- Location: Nabatieh, Lebanon
- Date: August 17, 2024
- Attack type: Airstrike
- Deaths: 11+ people
- Injured: 4+ people
- Perpetrator: Israel Defense Forces

= August 2024 Nabatieh attack =

2024 attack on Nabatieh, Lebanon

On August 17, 2024, Israel attacked a warehouse in Nabatieh in southern Lebanon, killing at least 11 people and injuring four others. All people killed in the attack were Syrian refugees.

== Background ==
Following the October 7, 2023 attack, Israel began bombing the Gaza Strip. In retaliation, Hezbollah began skirmishing with the Israel Defense Forces (IDF), in solidarity with the Palestinians. Hezbollah has stated that it will cease its attacks only when a ceasefire is reached in the ongoing Israel-Hamas conflict in Gaza.

== Attack ==
The strike, conducted by Israeli Air Force fighter jets, targeted an iron warehouse in an industrial zone in Wadi al-Kfour, Nabatieh, which includes various factories producing bricks, metal, and aluminium, as well as a dairy farm. The warehouse was also used to house Syrian refugees, who lived on the top floor. The warehouse and nearby buildings were destroyed as a result. According to the Lebanese Health Ministry, eleven people were killed, including a woman and her two children, and three Syrians, one Sudanese were wounded, two Syrians critically. The IDF claimed responsibility, stating that it targeted at a Hezbollah weapons storage facility located approximately 12 kilometers from the Israeli border. According to witnesses and local residents, the fatalities were Syrian refugees, including factory workers residing in nearby housing.

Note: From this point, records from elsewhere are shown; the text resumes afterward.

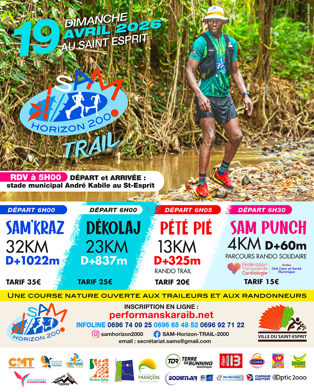 Dans le cadre du championnat du MTT, en partenariat avec le comité martiniquais du tourisme et la ligue d’athlétisme de Martinique , le club sam horizon 2000 vous propose la Sam horizon trail , sa course nature qui aura lieu au st-esprit le 19 avril 2026.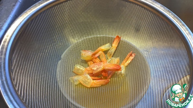 Процеживаем бульон в какую-нибудь временную чашку, а панцири выкидываем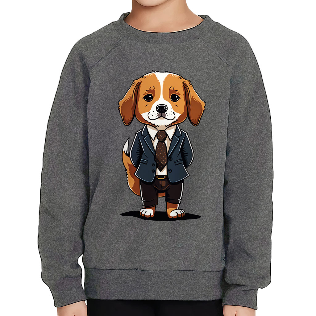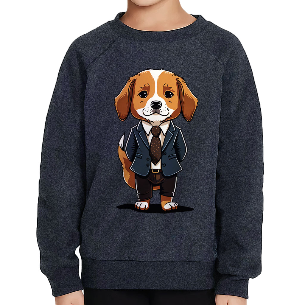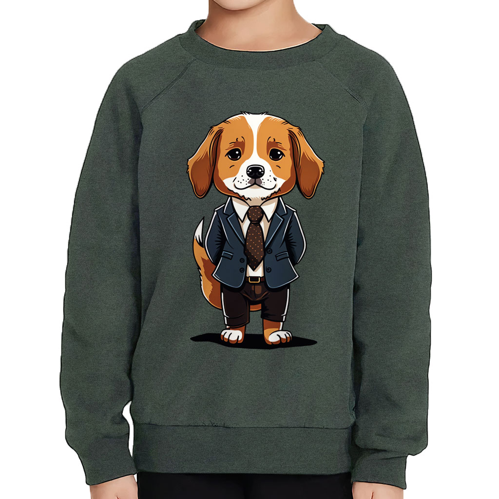 Cute Dog Print Toddler Raglan Sweatshirt – Unique Sponge Fleece Sweatshirt – Colorful Kids’ Sweatshirt

This strike was among the deadliest in Lebanon up until that point since the escalation between Hezbollah and the Israeli military, which began on 8 October 2023 following the start of the Israeli bombing campaign against Gaza. Hezbollah has stated that it will cease its attacks only when a ceasefire is reached in the ongoing Israel-Hamas conflict in Gaza.

==Reactions==
The IDF's Arabic-language spokesperson, Avichay Adraee, reiterated that the target of the strike was a Hezbollah weapons depot, maintaining that military assets were present at the site. However, relatives of the victims denied these claims, insisting that there were no weapons at the location and that it was purely an industrial facility.

Hezbollah fired 55 rockets into the Upper Galilee in response to the attack, targeting Ayelet HaShahar, Safed, and other nearby communities. Two Israeli soldiers were injured near Misgav Am, while over ten fires broke out.

The Embassy of the Philippines, Beirut advised its 11,000 citizens in Lebanon to leave the country following the strike.